São bem-vindos todos os debates, análises, críticas e autocríticas sobre a época de 1968, que deve ser desmistificada, como tudo. O que não se deve esconder é o fundo político que cerca o debate após quarenta anos: o contraste entre os sentimentos e as idéias, hoje predominantes, de que é preciso adequar-se ao mundo tal qual ele está constituído, com as aspirações que prevaleciam então em setores sociais expressivos, que atuavam coletivamente para transformar a ordem.

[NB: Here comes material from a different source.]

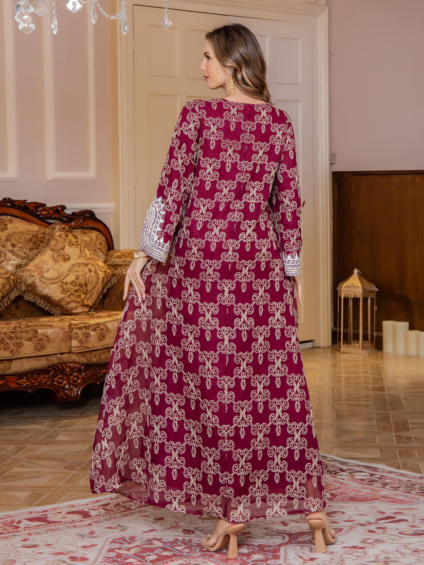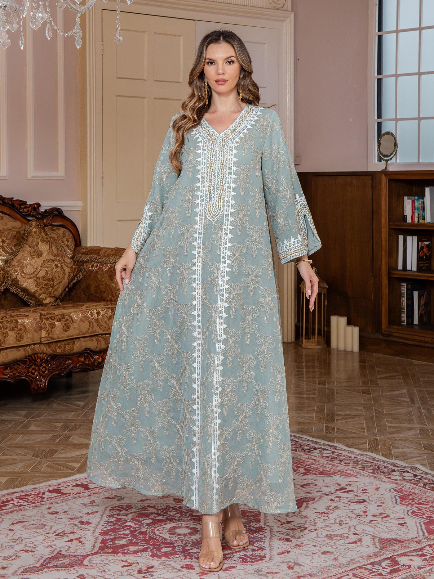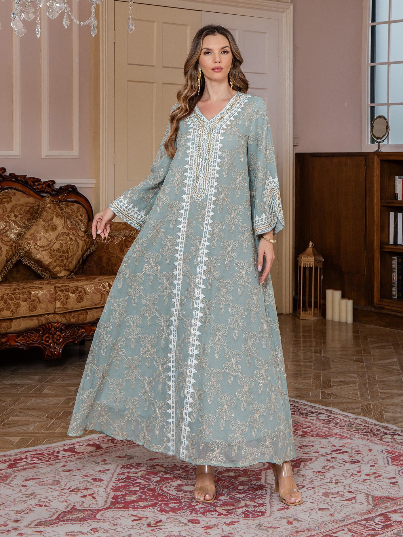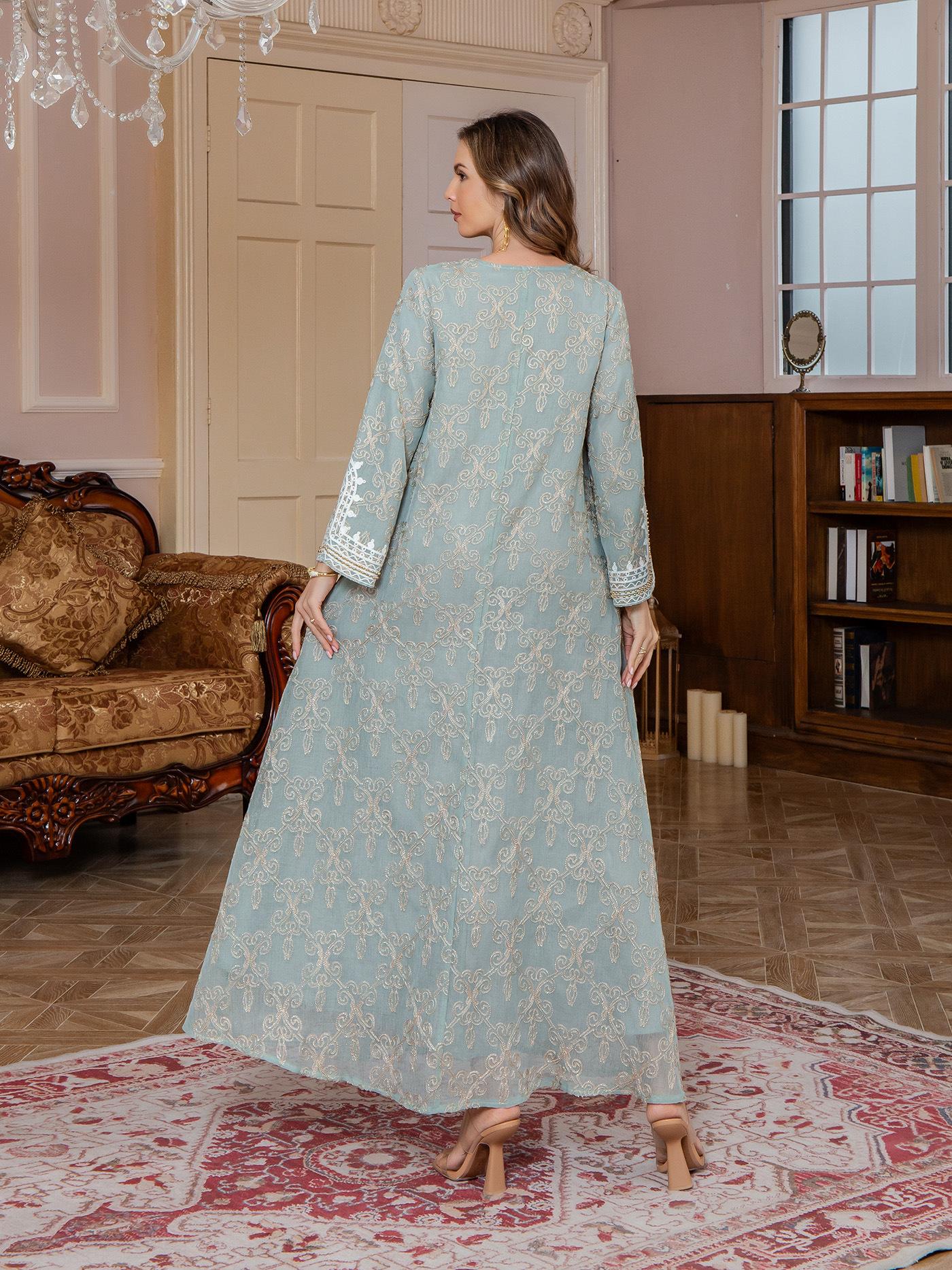 Nueva Comercio Exterior Amazon Bata Musulmana para Mujer Ropa de Oriente Medio jalabiya Bordado Elegante Vestido Largo Dubái

Quando Gaspari afirma ter sido “1989 que permitiu aos revolucionários de 1968 a acomodação de suas idéias e biografias ao século XXI”, ele expressa com clareza a reintegração da maioria dos intelectuais críticos e outros agentes sociais dos anos 1960 à ordem estabelecida, como se ela fosse inevitável. Ora, a esperança de 1968 não foi derrotada em 1989, ao contrário, fizera a profecia da falência daquele tipo de regime. Mas esperava-se que o fim do chamado socialismo real redundasse numa vida social em patamar superior ao que prevalecia na era da guerra fria, não no triunfo avassalador de um dos lados. Subjacente a afirmações como as de Gaspari, há o desejo latente de recusar alternativas à organização social, política, econômica e cultural em moldes capitalistas, a pressa em colocar no mesmo barco as utopias de 1848, 1917, 1968, como se todas elas tivessem sido derrotadas em 1989. Expressa-se o combate às forças herdeiras das lutas de 1968, que têm levantado de diversas perspectivas a palavra de ordem “um outro mundo é possível”.

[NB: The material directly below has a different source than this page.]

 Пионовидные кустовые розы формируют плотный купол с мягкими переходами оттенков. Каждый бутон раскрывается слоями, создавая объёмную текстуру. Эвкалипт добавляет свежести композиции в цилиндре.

No aspecto político, o que está em jogo hoje no debate sobre 1968 não é tanto a interpretação de suas causas e conseqüências, a crítica indispensável ao que se passou, mas a luta em novos termos entre os que se acomodaram à nova ordem mundial e aqueles que herdaram o espírito de 1968. Esses apostam que é possível e necessário construir uma nova ordem, em que os valores fundamentais não sejam os do lucro, mas os da convivência e realização plena dos seres humanos, em suas relações entre si e com a natureza, que se expressam em lutas pela preservação do meio ambiente, da igualdade entre os sexos, as culturas e as etnias, sem contar os embates renovados por um socialismo democrático. Ou seja, não se trata de encastelar-se no passado, recusando qualquer crítica a ele, mas de compreender alcances e limites das lutas de 1968, que entretanto deixaram ao menos um legado: o inconformismo, em contraste com um tempo como o nosso, em que prevalece o conformismo com a ordem mundial dos vencedores da guerra fria.
Marcelo Ridenti é professor titular de Sociologia na Universidade de Campinas (Unicamp) e pesquisador do CNPq (Conselho Nacional de Desenvolvimento Científico e Tecnológico), e autor de Em Busca do Povo Brasileiro: Artistas da Revolução (Record, 2000), entre outros livros.